#### Dataset excerpt

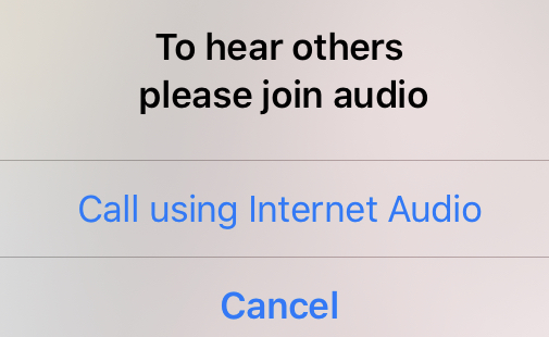 iPhone/iPad: To activate your audio, you will need to click 'Call using Internet Audio' when the option appears (as shown below).
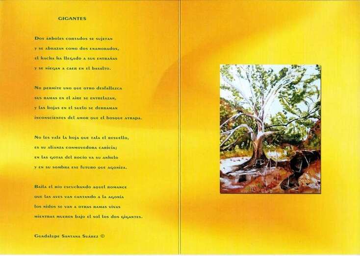 Gigantes: Dos árboles cortados se sujetan/ y se abrazan como dos enamorados,/ el hacha ha llegado a sus entrañas/ y se niegan a caer en el basalto./ No permite uno que otro desfallezca/ sus ramas en el aire se entrelazan,/ y las hojas en el suelo se derraman/ inconscientes del amor que el bosque atrapa./. No les vale la hoja que tala el resuello,/ es su alianza conmovedora caricia;/ en las gotas del rocío va su anhelo/ y en su sombra ese futuro que agoniza./ Baila el río escuchando aquel romance/que las aves van cantando a la agonía/ los nidos se van a otras ramas vivas/ mientras mueren bajo el sol los dos gigantes./
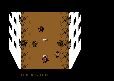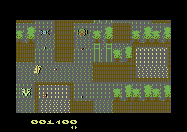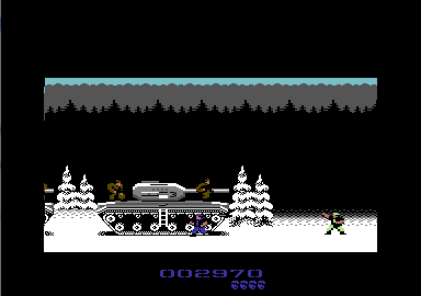 Interesting choice of music; not sure it fits with the game, although the drum beating (I suppose) adds to the Army feel in this game, but again another credible tune, superb loading screen, although it looks uncannily like a real president from America. You fight the enemies in this top down scroller moving over various terrains; watch out for the mental solders in red dropping land mines (ouch)

########

_What is expected_
Every line of the listing should be repeated exactly; no picture should appear.

_Response to this task_
 iPhone/iPad: To activate your audio, you will need to click 'Call using Internet Audio' when the option appears (as shown below).
 Gigantes: Dos árboles cortados se sujetan/ y se abrazan como dos enamorados,/ el hacha ha llegado a sus entrañas/ y se niegan a caer en el basalto./ No permite uno que otro desfallezca/ sus ramas en el aire se entrelazan,/ y las hojas en el suelo se derraman/ inconscientes del amor que el bosque atrapa./. No les vale la hoja que tala el resuello,/ es su alianza conmovedora caricia;/ en las gotas del rocío va su anhelo/ y en su sombra ese futuro que agoniza./ Baila el río escuchando aquel romance/que las aves van cantando a la agonía/ los nidos se van a otras ramas vivas/ mientras mueren bajo el sol los dos gigantes./
 Interesting choice of music; not sure it fits with the game, although the drum beating (I suppose) adds to the Army feel in this game, but again another credible tune, superb loading screen, although it looks uncannily like a real president from America. You fight the enemies in this top down scroller moving over various terrains; watch out for the mental solders in red dropping land mines (ouch)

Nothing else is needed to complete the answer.